Multivariate Voxel-Based Morphometry Successfully Differentiates Schizophrenia Patients From Healthy Controls

Randomized Controlled Trial

Multivariate Voxel-Based Morphometry Successfully Differentiates Schizophrenia Patients From Healthy Controls

Yasuhiro Kawasaki et al. Neuroimage.


Currently available laboratory procedures might provide additional information to psychiatric diagnostic systems for more valid classifications of mental disorders. To identify the correlative pattern of gray matter distribution that best discriminates schizophrenia patients from healthy subjects, we applied discriminant function analysis techniques using the multivariate linear model and the voxel-based morphometry. The first analysis was conducted to obtain a statistical model that classified 30 male healthy subjects and 30 male schizophrenia patients diagnosed according to current operational criteria.
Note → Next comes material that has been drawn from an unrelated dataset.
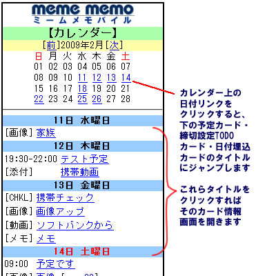 のいずれかが入ったカードがある場合に、その日付がリンク表示になります。 日付リンクをクリックすると、カレンダーの下にあるカードのタイトルにスクロール(ジャンプ)します。 さらにこのタイトルをクリックすると、そのカード情報を表示します。 |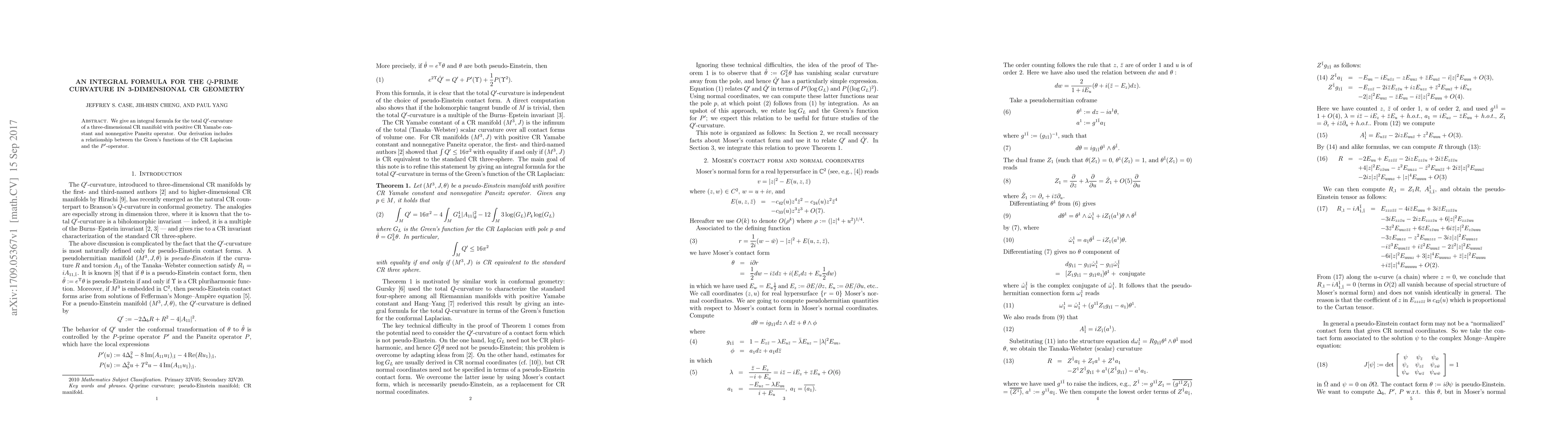 We give an integral formula for the total $Q^\prime$-curvature of a three-dimensional CR manifold with positive CR Yamabe constant and nonnegative Paneitz operator. Our derivation includes a relationship between the Green's functions of the CR Laplacian and the $P^\prime$-operator.

The second analysis was performed to prospectively validate the statistical model by successfully classifying a new cohort that consisted of 16 male healthy subjects and 16 male schizophrenia patients. Inferences about the structural relevance of the gray matter distribution could be made if the individual profile of pattern expression could be linked to the specific diagnosis of each subject. The result was that 90% of the subjects were correctly classified by the eigenimage, and the Jackknife approach revealed well above chance accuracy. The pattern of the eigenimage was characterized by positive loadings indicating gray matter decline in the patients in the lateral and medial prefrontal regions, insula, lateral temporal regions, medial temporal structures, and thalamus as well as the negative loadings reflecting gray matter increase in the patients in the putamen and cerebellum. When the eigenimage derived from the original cohort was applied to classify data from the second cohort, it correctly assigned more than 80% of the healthy subjects and schizophrenia patients. These findings suggest that the characteristic distribution of gray matter changes may be of diagnostic value for schizophrenia.